- What you have to do -
Below are records with pictures. Transcribe exactly, and only, the lines from the line with "This bingo card" to the line with "冬ウールコート白紫肥厚ソフトラウンドネックルーズシングルボタンジャケット ホワイト ウィンター", both ends included, but not the pictures.

- Data for the task -
▼
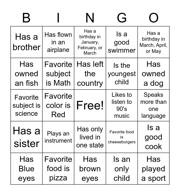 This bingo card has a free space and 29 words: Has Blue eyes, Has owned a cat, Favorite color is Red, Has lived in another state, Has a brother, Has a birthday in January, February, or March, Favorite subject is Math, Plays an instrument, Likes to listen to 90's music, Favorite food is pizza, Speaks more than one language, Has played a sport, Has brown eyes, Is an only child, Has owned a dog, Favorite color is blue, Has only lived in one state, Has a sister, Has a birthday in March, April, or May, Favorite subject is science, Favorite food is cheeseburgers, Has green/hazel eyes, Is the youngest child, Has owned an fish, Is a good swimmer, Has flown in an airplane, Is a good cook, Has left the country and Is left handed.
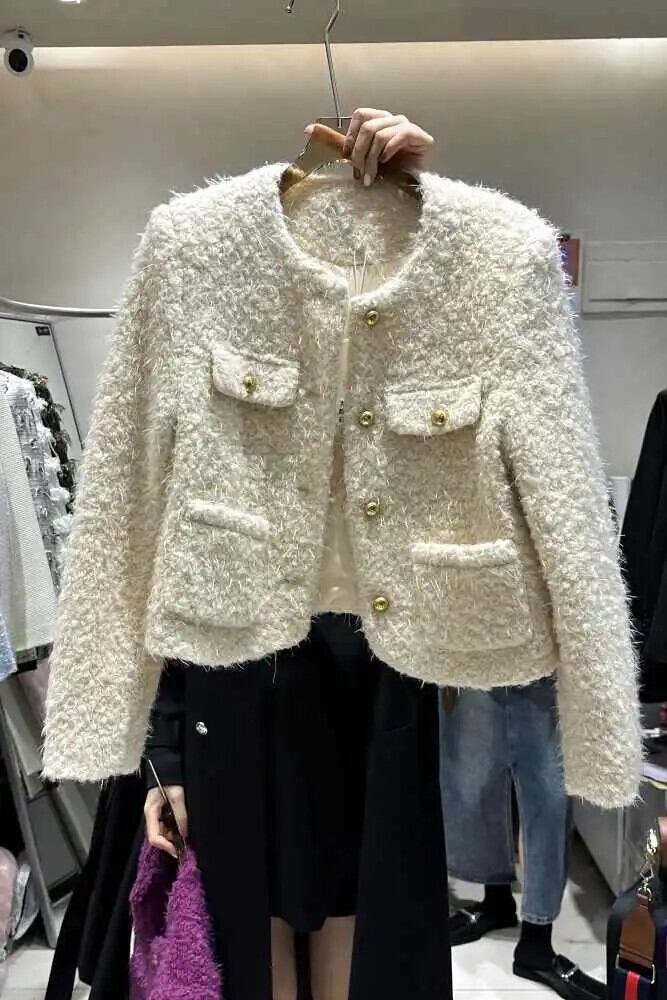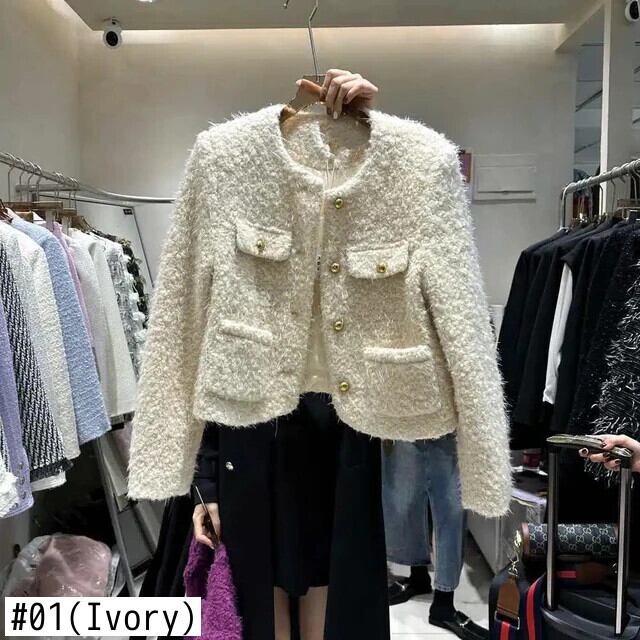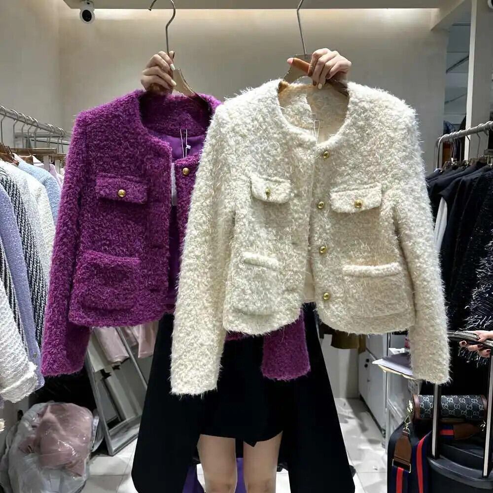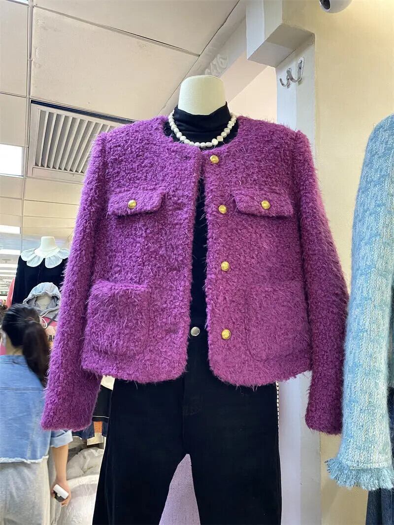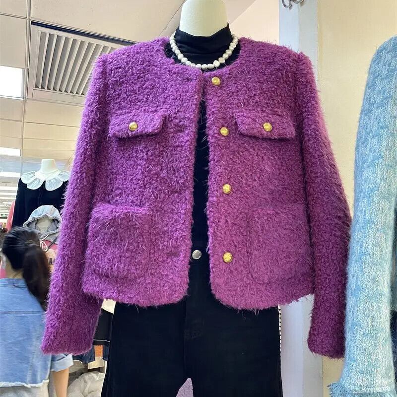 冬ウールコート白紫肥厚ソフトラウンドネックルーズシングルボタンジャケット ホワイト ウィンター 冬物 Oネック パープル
▲
▼
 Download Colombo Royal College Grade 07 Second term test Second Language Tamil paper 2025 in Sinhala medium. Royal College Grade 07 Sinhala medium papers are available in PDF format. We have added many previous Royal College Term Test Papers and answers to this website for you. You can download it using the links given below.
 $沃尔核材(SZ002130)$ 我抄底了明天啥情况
▲
▼
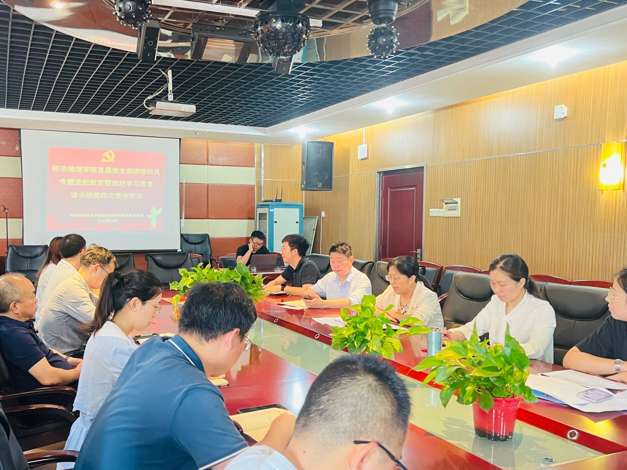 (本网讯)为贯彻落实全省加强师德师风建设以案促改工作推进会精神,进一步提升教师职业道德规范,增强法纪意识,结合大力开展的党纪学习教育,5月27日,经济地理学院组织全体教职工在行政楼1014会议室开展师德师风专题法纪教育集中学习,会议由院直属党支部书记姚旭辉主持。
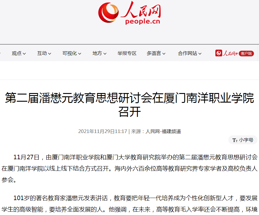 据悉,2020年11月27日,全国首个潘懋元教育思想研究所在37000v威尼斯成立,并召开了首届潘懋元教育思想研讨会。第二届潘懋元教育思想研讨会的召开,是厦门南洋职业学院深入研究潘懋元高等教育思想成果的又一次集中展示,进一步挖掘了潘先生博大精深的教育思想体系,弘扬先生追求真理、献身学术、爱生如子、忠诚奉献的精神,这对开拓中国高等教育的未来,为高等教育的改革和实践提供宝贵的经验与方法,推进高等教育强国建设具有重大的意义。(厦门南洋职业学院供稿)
▲
- Written answer -
 This bingo card has a free space and 29 words: Has Blue eyes, Has owned a cat, Favorite color is Red, Has lived in another state, Has a brother, Has a birthday in January, February, or March, Favorite subject is Math, Plays an instrument, Likes to listen to 90's music, Favorite food is pizza, Speaks more than one language, Has played a sport, Has brown eyes, Is an only child, Has owned a dog, Favorite color is blue, Has only lived in one state, Has a sister, Has a birthday in March, April, or May, Favorite subject is science, Favorite food is cheeseburgers, Has green/hazel eyes, Is the youngest child, Has owned an fish, Is a good swimmer, Has flown in an airplane, Is a good cook, Has left the country and Is left handed.
 冬ウールコート白紫肥厚ソフトラウンドネックルーズシングルボタンジャケット ホワイト ウィンター 冬物 Oネック パープル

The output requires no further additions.